TC, total cholesterol; TG, triglyceride; NEFA, nonesterified fatty acid; ND, not determined. Variation in n is due to removal of outliers (see materials and methods).
P < 0.05 and
P < 0.001 vs. WD-fed MIP-1a+/+ males.
Blood glucose measurements were obtained for only 3 (male MIP-1α+/+) or 14 (female MIP-1α+/−) mice.
Gene expression in WAT.
Gene expression of macrophage markers F4/80 and CD68 were significantly elevated by WD feeding in both males and females (P ≤ 0.05). However, gene expression of these macrophage markers was not influenced by MIP-1α genotype (Fig. 2, A–D). Expression of CD3ε, a general T-lymphocyte marker, was significantly increased in WD-fed compared with CD-fed mice, but this was not altered by MIP-1α deficiency (Fig. 2, E and F; P < 0.005, diet effect). T-regulatory lymphocyte infiltration of obese WAT, as measured by FoxP3 gene expression, was also not influenced by the absence of MIP-1α (Fig. 2, G and H). Regardless of diet, gene expression of MIP-1α was absent in MIP-1α−/− mice and highest in MIP-1α+/+ mice, and its expression was increased with WD feeding (Fig. 2, I and J; P < 0.005 for genotype effect and diet effect, P < 0.05 for diet × genotype interaction).

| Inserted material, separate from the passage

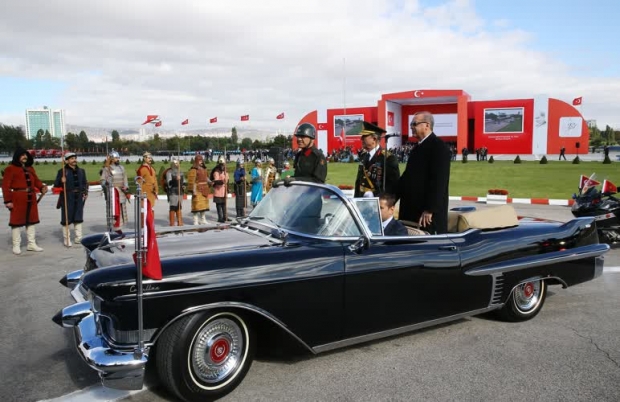 Kara Kuvvetleri Komutanlığı Atlı Spor Eğitim Merkezi Komutanlığının Atlı Tören Kıtası ve Cumhurbaşkanlığı Koruma Başkanlığı Motosikletli Timleri eşliğinde tören alanına gelen Cumhurbaşkanı Erdoğan, üstü açık klasik otomobilden tören birliklerini ve katılımcıları selamladı. Erdoğan’a, Genelkurmay Başkanı Orgeneral Hulusi Akar da eşlik etti.

The expression pattern of MIP-1β was influenced by the expression level of MIP-1α such that male MIP-1α−/− mice had lower MIP-1β expression than MIP-1α+/+ and MIP-1α+/− mice (Fig. 2K). In fact, both diet and genotype significantly affected MIP-1β expression in male mice (P < 0.05 for diet effect, genotype effect, and diet × genotype interaction). MIP-1β expression was increased by WD feeding in female mice (P < 0.005), but the genotype effect was not significant (Fig. 2L). The CC chemokine RANTES was also elevated with obesity (Fig. 2, M and N; P < 0.0005), and in male mice its expression was significantly affected by MIP-1α expression level (P = 0.05). Gene expression of monocyte chemoattractant protein-1 (MCP-1), another CC chemokine, was elevated with obesity but unaffected by the level of MIP-1α expression (Fig. 2, O and P; P < 0.0005, diet effect). The proinflammatory cytokine TNFα and the insulin-sensitizing adipokine adiponectin as well as the anti-inflammatory markers arginase 1 and IL-10 [which are expressed by M2 polarized ATMs (16, 17, 37)] were expressed to a similar extent in MIP-1α−/−, MIP-1α+/−, and MIP-1α+/+ WD-fed mice (Supplemental Fig. S3).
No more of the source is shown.